I think I would treat my Mother to at least two or three elegant dances (begs for talented musicians for backdrop) whereby I would have the opportunity to put forth a subtle sales pitch that in spite of her doubts, I was indeed, a true and wise young gentleman, not a complete idiot in my choice of women, had learned practically all I know about women from her, am perfectly in line with her philosophy on them (warning: don't credit her with your choice -- that will backfire on you mightily), will be willing to sleep on the couch on my honeymoon night if she thinks that's the wisest course, and reassure her that no matter who might come along, she's still number one in my book.
Note: this requires a level of deception that is in no way for the squeamish.

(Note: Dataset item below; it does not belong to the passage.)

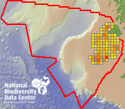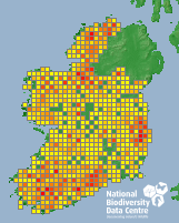 Distribution of the number of records recorded within each 10km grid square (ITM).Marine Map - 50km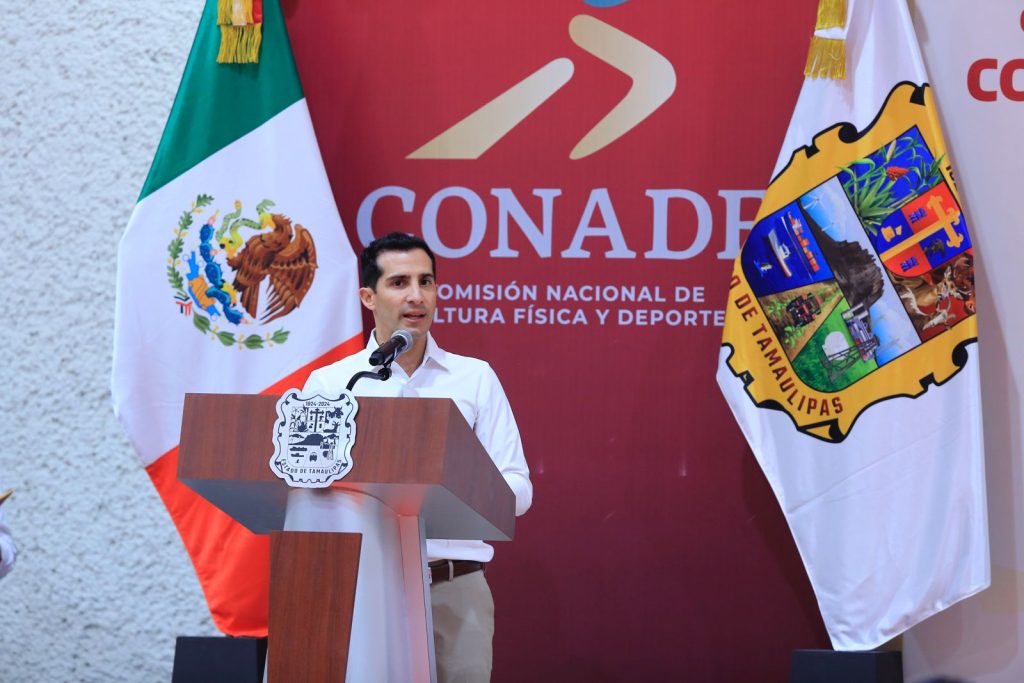Por su parte, el gobernador Américo Villarreal Anaya, acompañado de la presidenta del Sistema DIF Tamaulipas, María de Villarreal, dirigió un mensaje de reconocimiento y aliento a niñas y jóvenes que participaron en una exhibición deportiva y agradeció la presencia del director de la Conade, Rommel Pacheco, a quien le pidió transmitir a la presidenta de México, Claudia Sheinbaum Pardo, que en Tamaulipas la transformación y el enfoque humanista del gobierno federal “están vigentes y se reflejan en la práctica del deporte”.

I hate to be the harbinger of bad news Bob, but there isn't a mom in the world who, after raising a hormone raging teenage boy, would ever believe that their son would sleep on the couch during his honeymoon if mom thought it best.
I have three boys. I had my wife read your post. The ambulance just arrived because she can't stop laughing, so I got worried and called 911. Hope she'll be alright.
Seriously though, all the other suggestions are top notch and will make visits from the parents so much easier once mom thinks she knows who the real female love of your life is. Are you listening, JSaad, this is really good stuff here.
Thanks for the advise but need not worry...
Ashley has a very good relationship with both my mother and sister. They go out to lunch/dinner all the time and don't invite me anymore(I kept saying "Nah, Xbox360 needs my attention too." they gave up.)
I bought a condo in Lowell and Ash moved in... It's 3 bedrooms but only 1 bed. I don't think my mother would be naive enough to think I'm on the futon.
Also, I'm a family guy. I talk to my father everyday and my mother, brother and sister 3 - 4 times a week.